Kendini ve yeteneklerini ilk olarak nasıl keşfettin? Sırbistan’dan Türkiye’ye uzanan tasarım yolculuğun nasıl gelişti?
Daha dört yaşındayken çizim yapmaya başladım ve ilk çizdiğim şey bir kadın ayakkabısıydı. Küçük yaşlarda gelişen bu merakım zamanla tutkuya dönüştü. Çizim yapmak benim için her zaman en büyük keyifti ve çizdiğim her şey sonunda bir şekilde modaya çıkıyordu. Bu yüzden bu yolda ilerlemek çok doğal bir gelişim oldu. Tasarım yolculuğum Sırbistan’da başladı, ardından İtalya’ya uzandı ve son durağı Türkiye oldu. Ama elbette bu son değil, devamı geliyor. Her ülke bana bambaşka bakış açıları kattı, farklı duygular, disiplinler ve estetik anlayışlar getirdi. Hepsi tasarım dilimi besleyen çok kıymetli duraklar oldu. Şimdi ise yepyeni projelerle bu yolculuğu daha da ileri taşımaya hazırlanıyoruz.

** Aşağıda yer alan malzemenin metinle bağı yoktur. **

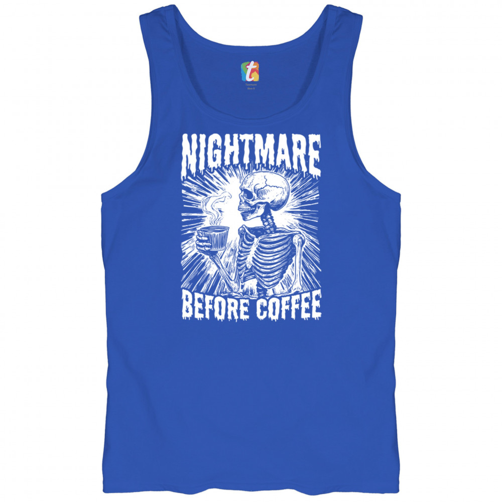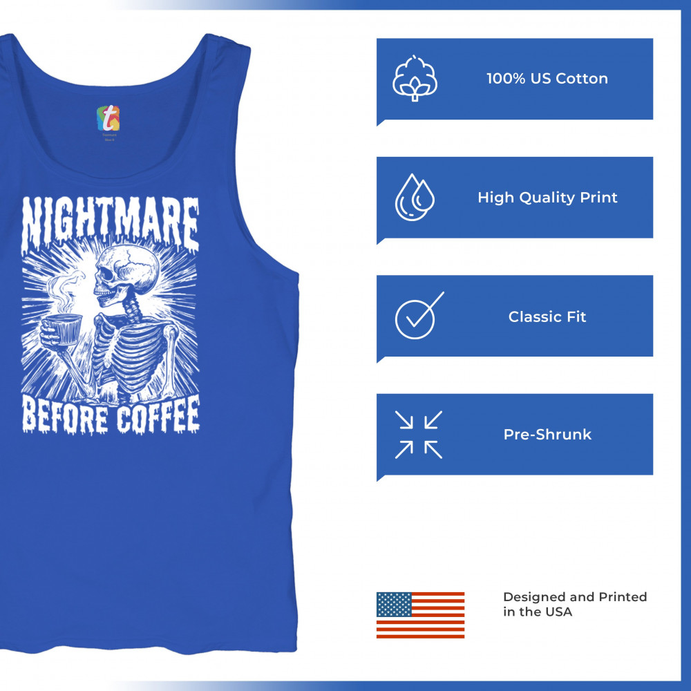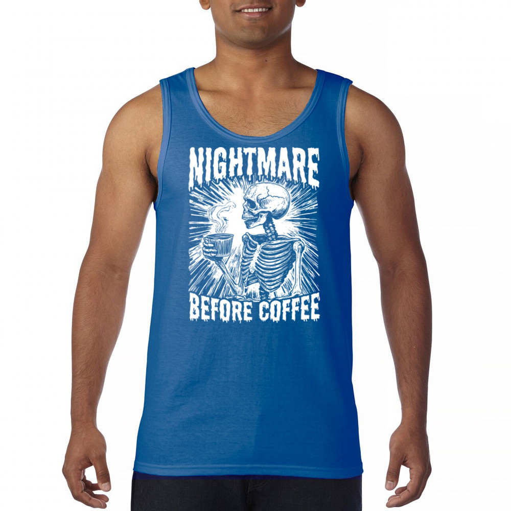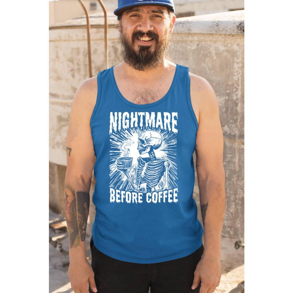 Show off your love for coffee with this quirky "Nightmare Before Coffee" skeleton design, blending humor and gothic style for caffeine lovers.

Şehirle aran nasıl? İstanbul senin için ne ifade ediyor?
İstanbul bana ilham veren bir şehir. Kaosu, tarihi, renkleri ve insanlarıyla yaşayan bir ilham kaynağı gibi. Zıtlıklarıyla barışık. Bu zıtlık da koleksiyonlarımda sıkça yer bulan kontrastları doğuruyor. İstanbul, her koleksiyonun arkasında bir şekilde yer alıyor.
Bir markanın kendi ruhunu kaybetmeden güncel kalması çok önemli. Amor Garibovic’te biz bunu detaylarda, anlatıda ve işçilikte koruyoruz. Her koleksiyon yeni bir sayfa açıyor ama özünü unutmuyor.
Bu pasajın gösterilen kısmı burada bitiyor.